Records to process section start
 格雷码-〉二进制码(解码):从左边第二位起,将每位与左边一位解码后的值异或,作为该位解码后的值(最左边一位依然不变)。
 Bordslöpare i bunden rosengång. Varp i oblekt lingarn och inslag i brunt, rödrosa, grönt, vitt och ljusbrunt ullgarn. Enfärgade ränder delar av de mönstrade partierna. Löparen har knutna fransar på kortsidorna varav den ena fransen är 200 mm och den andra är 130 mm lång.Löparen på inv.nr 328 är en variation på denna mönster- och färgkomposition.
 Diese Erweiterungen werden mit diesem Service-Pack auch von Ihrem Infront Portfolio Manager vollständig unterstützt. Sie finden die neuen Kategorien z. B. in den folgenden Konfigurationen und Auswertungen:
Records to process section end
Records to process section start
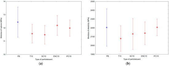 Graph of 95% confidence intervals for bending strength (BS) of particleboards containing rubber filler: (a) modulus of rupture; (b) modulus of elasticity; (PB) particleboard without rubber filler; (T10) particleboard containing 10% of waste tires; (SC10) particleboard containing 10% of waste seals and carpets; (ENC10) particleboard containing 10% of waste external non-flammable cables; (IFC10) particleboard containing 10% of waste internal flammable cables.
Records to process section end
▸ Activity
Within the listing above, the range opens at the line with "Bordslöpare i bunden" and closes at the line with "Diese Erweiterungen werden". Reproduce exactly the lines of that range, including both ends.

▸ Output for this exercise
 Bordslöpare i bunden rosengång. Varp i oblekt lingarn och inslag i brunt, rödrosa, grönt, vitt och ljusbrunt ullgarn. Enfärgade ränder delar av de mönstrade partierna. Löparen har knutna fransar på kortsidorna varav den ena fransen är 200 mm och den andra är 130 mm lång.Löparen på inv.nr 328 är en variation på denna mönster- och färgkomposition.
 Diese Erweiterungen werden mit diesem Service-Pack auch von Ihrem Infront Portfolio Manager vollständig unterstützt. Sie finden die neuen Kategorien z. B. in den folgenden Konfigurationen und Auswertungen:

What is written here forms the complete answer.